WHAT IS REQUIRED: Make an exact copy of the entries, and keep any pictures out of it.

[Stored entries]
═══
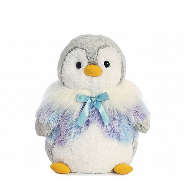 This penguin plush measures 29cm tall and features a brightly coloured beak and feet, making this penguin stand out from amongst the crowd. The blue and purple long hair fabric is part of the main body of this fuzzy cuddly toy, giving him the appearance of wearing a coat! His brightly coloured beak is soft and firm, perfect for nuzzling you when it's cuddle time.
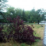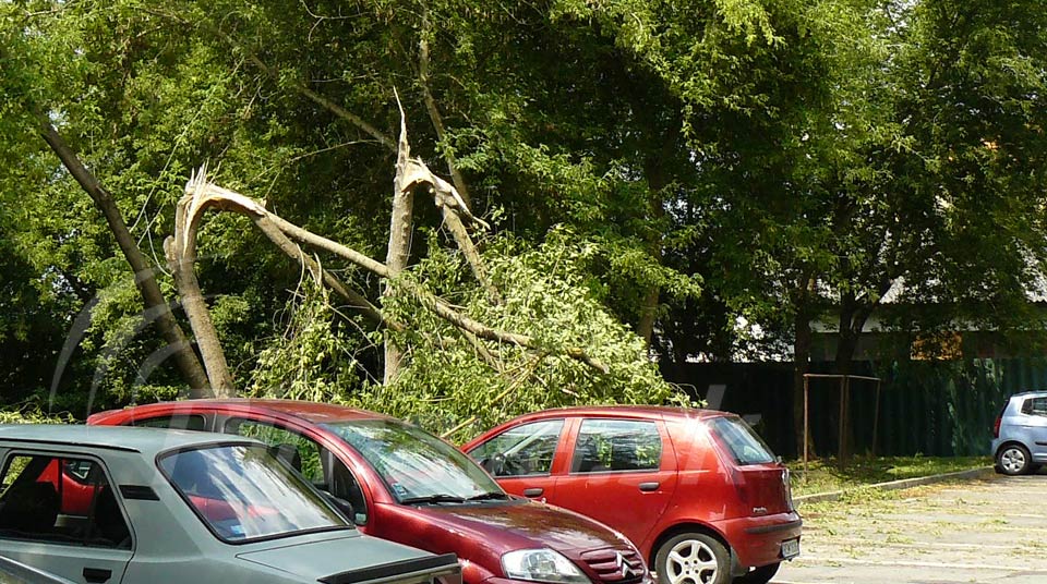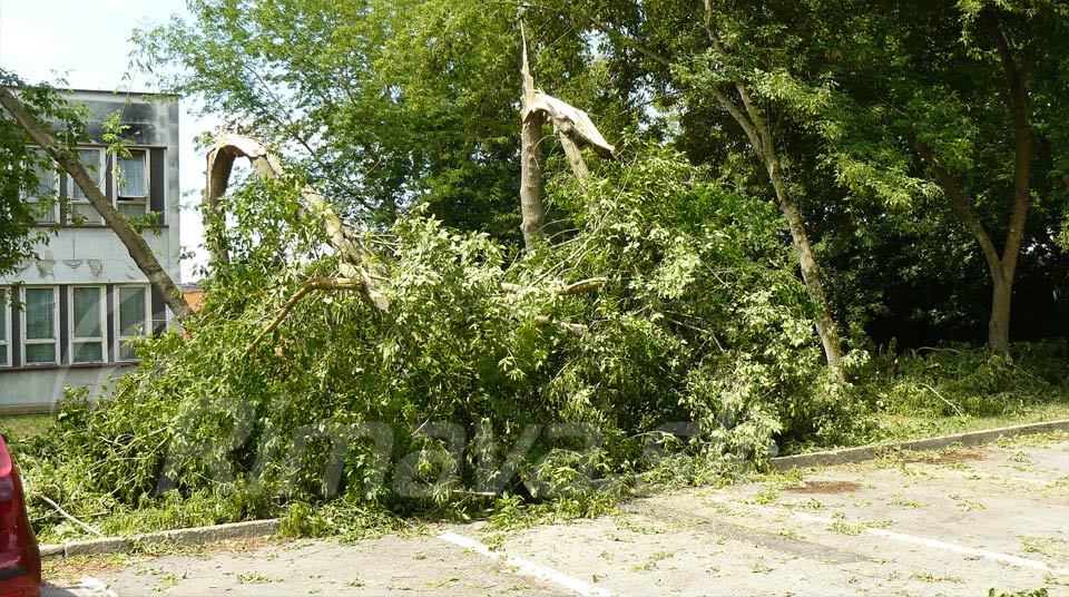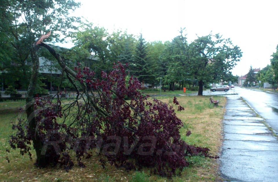 Rimavskou Sobotou sa po tropických dňoch prehnala búrka. Vietor polámal viacero stromov, niektoré padli aj medzi autá na sídliskách. Pri ich odstraňovaní už včera večer zasahovali hasiči na Malohontskej ulici a na Ul. Mikszátha. Ako ďalej Rimava.sk informoval Marek Laššák, riaditeľ OR HaZZ Rimavská Sobota, jeden z výjazdov smeroval aj na Ulicu L. Svobodu, kde bolo treba upevniť plechovú strechu bytovky. Od dnešného rána stromy a konáre v meste odstraňujú aj pracovníci Technických služieb mesta. Podľa riaditeľa TSM Tibora Barta, včerajšia krátka a rýchla búrka polámala veľa stromov v mestskej záhrade, na Kurinci aj v cintoríne. „Kvôli spadnutému konáru sa nedalo prejsť ani cyklocestou,“ spomenul Barto, podľa ktorého majú dosť roboty v celom meste, prioritne odstraňujú konáre a stromy v centre a na sídliskách. „Ľudia nám ešte stále oznamujú polámané stromy,“ povedal dopoludnia Barto.
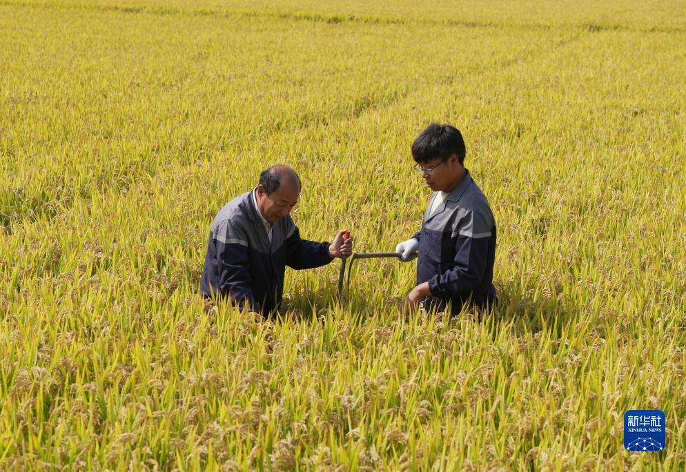 10月11日,在河北省唐山市曹妃甸區第五農場鹽堿地改良而成的高標準稻田,農業科研人員采集測產稻樣。
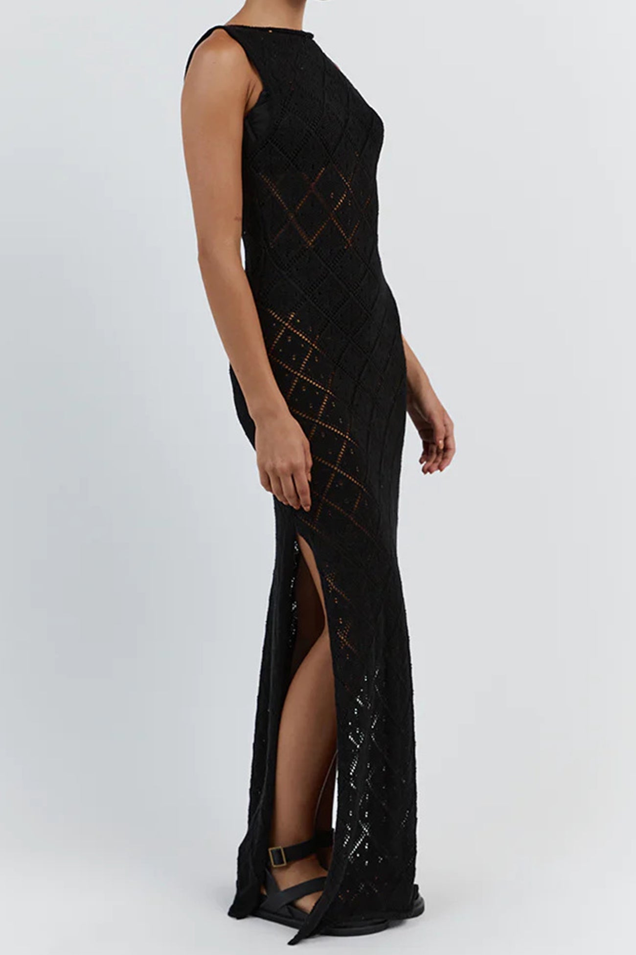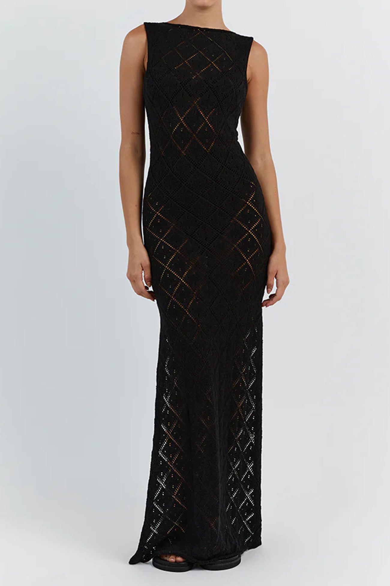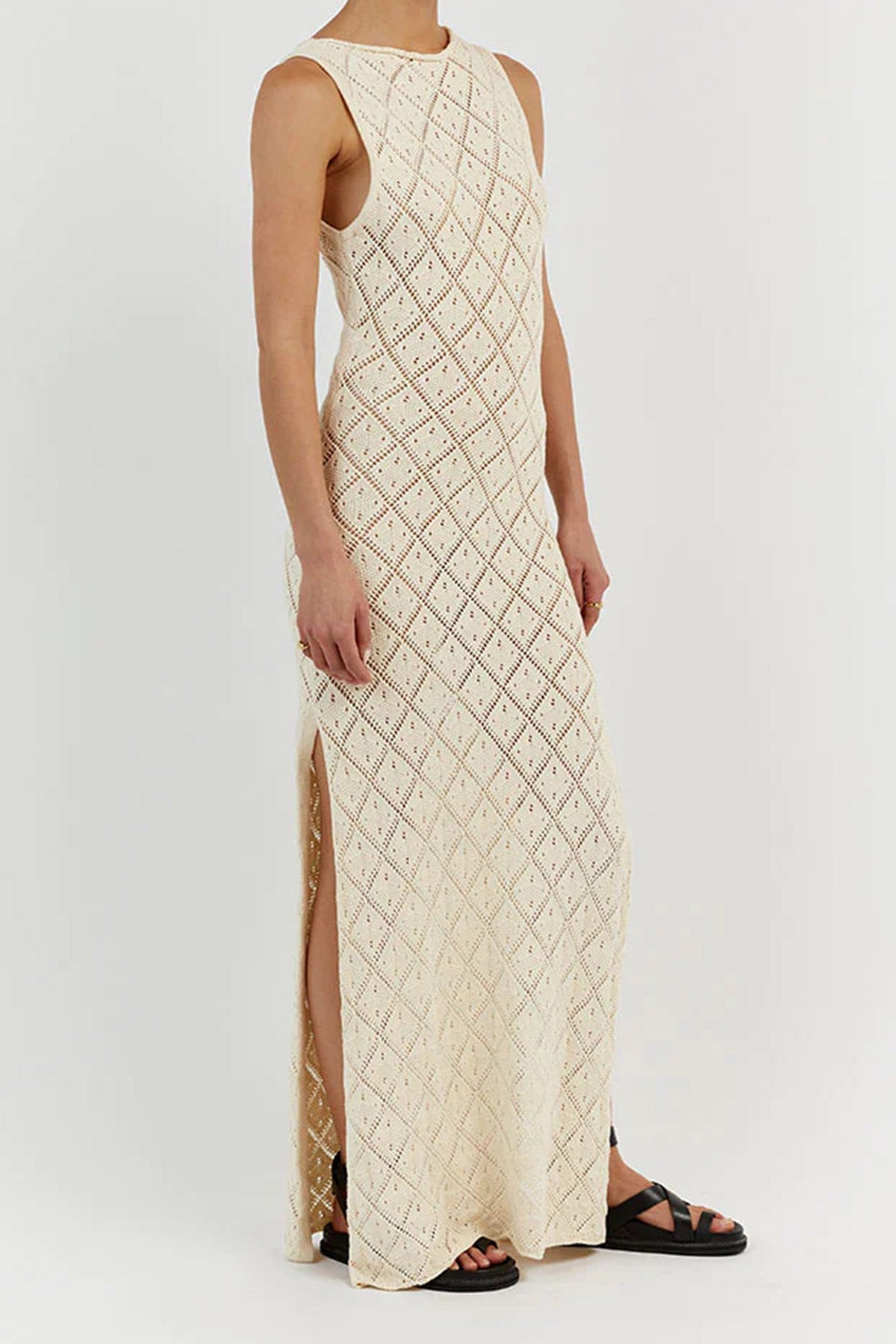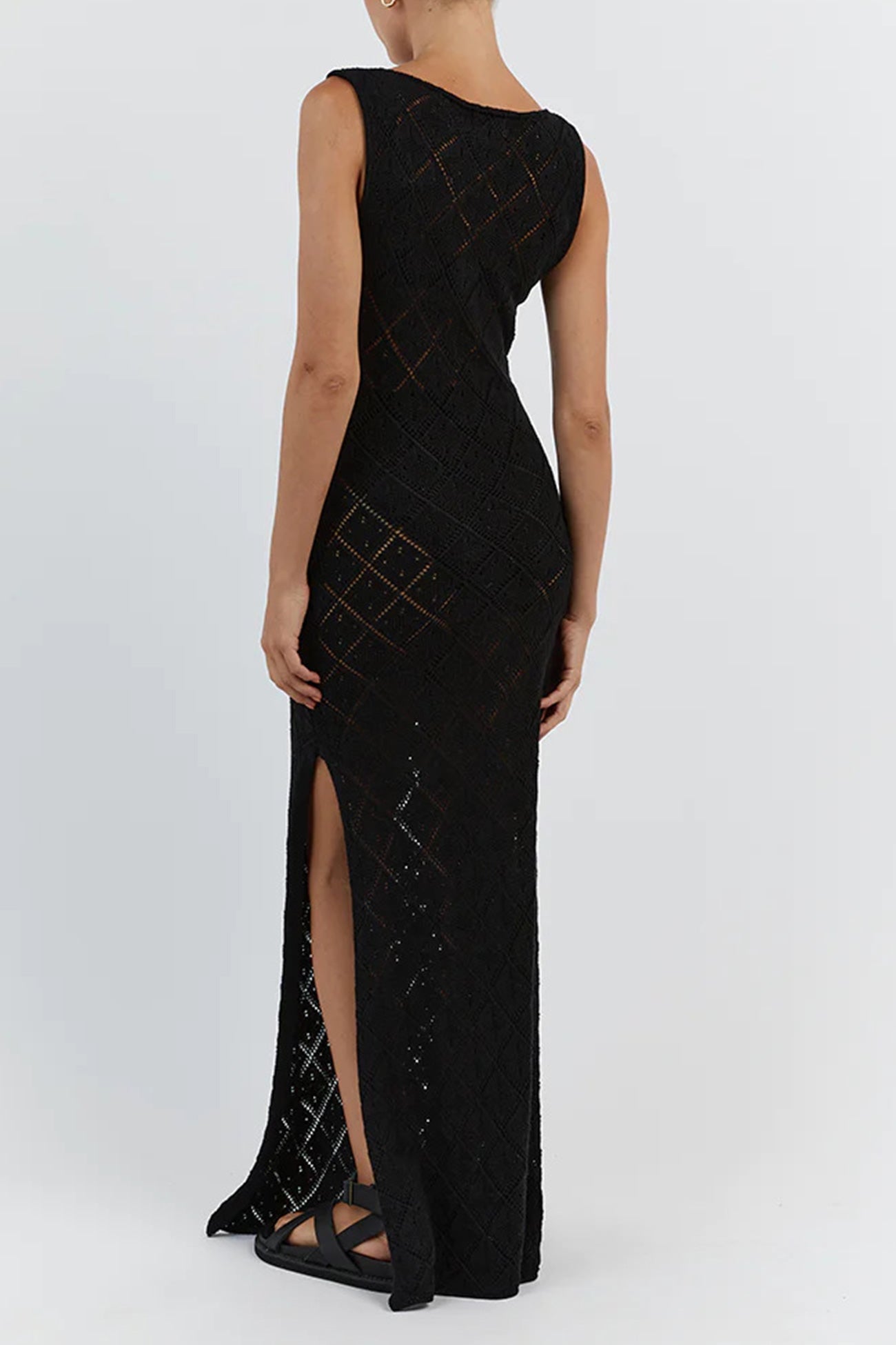 Rhombus Crochet Hollow Out Knit Tank Dress
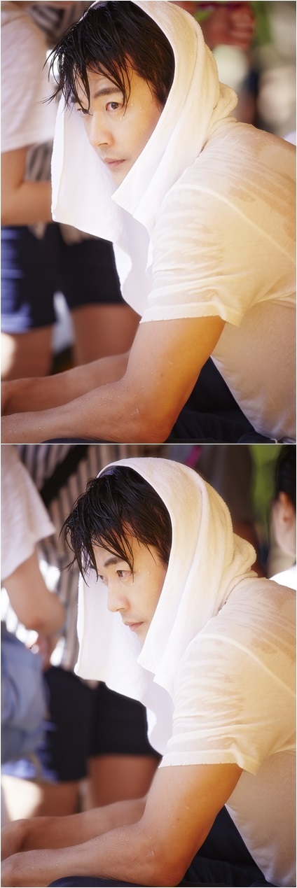특히, 젖은 티셔츠 아래로 은근히 드러나는 탄탄한 상체와 차분한 표정, 조각 같은 옆모습이 남성의 자연스러운 섹시미를 발산하고 있어 여심을 설레게 한다.
═══
WRITTEN RESPONSE:
 This penguin plush measures 29cm tall and features a brightly coloured beak and feet, making this penguin stand out from amongst the crowd. The blue and purple long hair fabric is part of the main body of this fuzzy cuddly toy, giving him the appearance of wearing a coat! His brightly coloured beak is soft and firm, perfect for nuzzling you when it's cuddle time.
 Rimavskou Sobotou sa po tropických dňoch prehnala búrka. Vietor polámal viacero stromov, niektoré padli aj medzi autá na sídliskách. Pri ich odstraňovaní už včera večer zasahovali hasiči na Malohontskej ulici a na Ul. Mikszátha. Ako ďalej Rimava.sk informoval Marek Laššák, riaditeľ OR HaZZ Rimavská Sobota, jeden z výjazdov smeroval aj na Ulicu L. Svobodu, kde bolo treba upevniť plechovú strechu bytovky. Od dnešného rána stromy a konáre v meste odstraňujú aj pracovníci Technických služieb mesta. Podľa riaditeľa TSM Tibora Barta, včerajšia krátka a rýchla búrka polámala veľa stromov v mestskej záhrade, na Kurinci aj v cintoríne. „Kvôli spadnutému konáru sa nedalo prejsť ani cyklocestou,“ spomenul Barto, podľa ktorého majú dosť roboty v celom meste, prioritne odstraňujú konáre a stromy v centre a na sídliskách. „Ľudia nám ešte stále oznamujú polámané stromy,“ povedal dopoludnia Barto.
 10月11日,在河北省唐山市曹妃甸區第五農場鹽堿地改良而成的高標準稻田,農業科研人員采集測產稻樣。
 Rhombus Crochet Hollow Out Knit Tank Dress
특히, 젖은 티셔츠 아래로 은근히 드러나는 탄탄한 상체와 차분한 표정, 조각 같은 옆모습이 남성의 자연스러운 섹시미를 발산하고 있어 여심을 설레게 한다.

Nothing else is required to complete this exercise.